Winning your ex back – meaning of the “no contact rule”

Split

When a relationship ends, it is usually accompanied by a lot of emotional pain - for at least one of the two partners, the pain of the separation is probably great.

Relationship over: In the beginning there is the pain of separation
Relationship over: In the beginning there is the pain of separation

But not all hope is always lost...

We have already addressed this topic a few times in this blog and presented several strategies on how you can personally deal with a separation and how you can even rekindle love that has seemingly been lost.

As already mentioned in these articles, no one can give you a guarantee that you will actually win your ex-partner back. After all, we are dealing with a human being with free will.

The good news, however, is that you can significantly increase your chances of getting a fresh start if you follow a series of advice, tips and rules.

Since we have already covered this topic in previous articles, we would now like to focus on one of the most important rules and examine it in more detail: the fabled “no contact rule” .

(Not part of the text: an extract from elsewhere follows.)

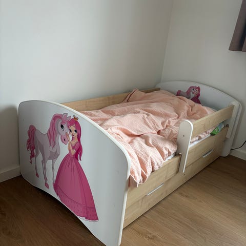 Sengen har runde kanter så børnene ikke slår sig og der følger et bevægeligt sikkerhedsrækværk med.
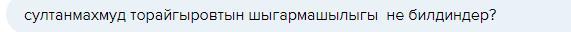 Сұлтанмахмұт Торайғыровтың шығармашылығы өте терең мағынада және өте керемет.Сұлтанмахмұт Торайғыров көрнекті ақын,жастар арасындағы ең үздік ақын

Most partners find it difficult to quickly move on from a failed relationship. While this is probably true for you, this may also be the case for your ex-partner. This increases your chances. A survey yielded the following results on this topic:

Winning back your ex-partner - infographic 1
Winning back your ex-partner – These numbers confirm your chances

Definition in 2 sentences

The no contact rule is a self-determined period of 30 or 60 days during which absolutely no contact between you and your ex.

This means writing, chatting, interacting on social networks, making phone calls or meeting in person is completely taboo self-imposed contact ban .

What is the “no contact rule” about?

The “no contact rule” has proven itself time and again as an essential component of any successful strategy to win back your ex-partner We therefore want to pay particular attention to this phase on the way back into the hands of your ex-partner. So, what exactly is this about?

An even shorter and catchy definition could be: “A defined period of time in which you consciously ignore your ex-partner.”

Specifically, it is recommended not to initiate or respond to contact with your ex-partner for about a month. This means: no calls, no text messages, no visits, no stalking (not even on social media), etc.

You completely cut the person out of your life for a full 30 days. This also includes not asking about him/her, visiting his/her Facebook profile, and other ways to participate in his/her life in any way.

This may sound very difficult at first, but the work is worth it. Because this method usually has a very effective effect on the ex-partner.

Important : The first attempt usually promises much greater opportunities than the second. So you should use it!

Without following this one rule, you will significantly damage your chances of getting a second attempt. During my research, every single source confirmed this and emphasized the importance of this rule.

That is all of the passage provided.